Kaufmann contends for a rhetorical link between Aristotle’s Rhetoric and Poetics. For
the author, poetry and rhetoric share a similar goal: audience affect. The means by which both
disciplines accomplish their respective goals is through argumentation, particularly the
employment of an enthymematic form. During argument, the enthymeme works as a deduction
from the audience’s “common beliefs” to the “rhetor’s” desired outcome. Since both rhetoric and
poetry work to produce judgment from the audience, Kaufmann articulates how the enthymeme
functions in both arts to accomplish each discipline’s ends. This work serves as a validation for
rhetoric’s employment and criticism in other disciplines besides texts of discourses.
V. Rhetorical Criticism
Farrell, T. B. "Sizing Things Up: Colloquial Reflection as Practical Wisdom."

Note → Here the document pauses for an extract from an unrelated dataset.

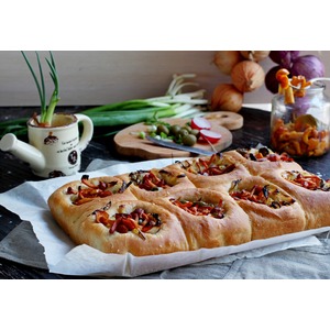 Сверху выложить нарезанные оливки и маринованные опята. Сбрызнуть 1 ст л подсолнечного масла"Олейна" и выпекать при 200 гр мин 20-25. |

Argumentation 12 (1998): 1-14.
Farrell reconsiders Aristotle's conception of three poetic categories within the function of
rhetoric as "making things matter." He appropriates categories from Poetics and other works
(e.g., De Interpretatione) to demonstrate the ways in which rhetoric can take the vast and
threatening nature of our worlds and invite the audiences to reflect on the meaning and
significance of events. Farrell explicates Aristotle's concepts of contingency, magnitude, and
phronésis, as rhetorically relevant categories that provide the Rhetoric with both logical and
aesthetic components necessary to induce audience participation and recognition. This piece
highlights the ways in the rhetorical critic can fuse Aristotle's thoughts on aesthetics and
dialectics to understand rhetorical enterprises intended to emphasize particularities within
contested situations, and thus, is an excellent resource for how the critic can engage in rhetorical
reflection from an aesthetic perspective.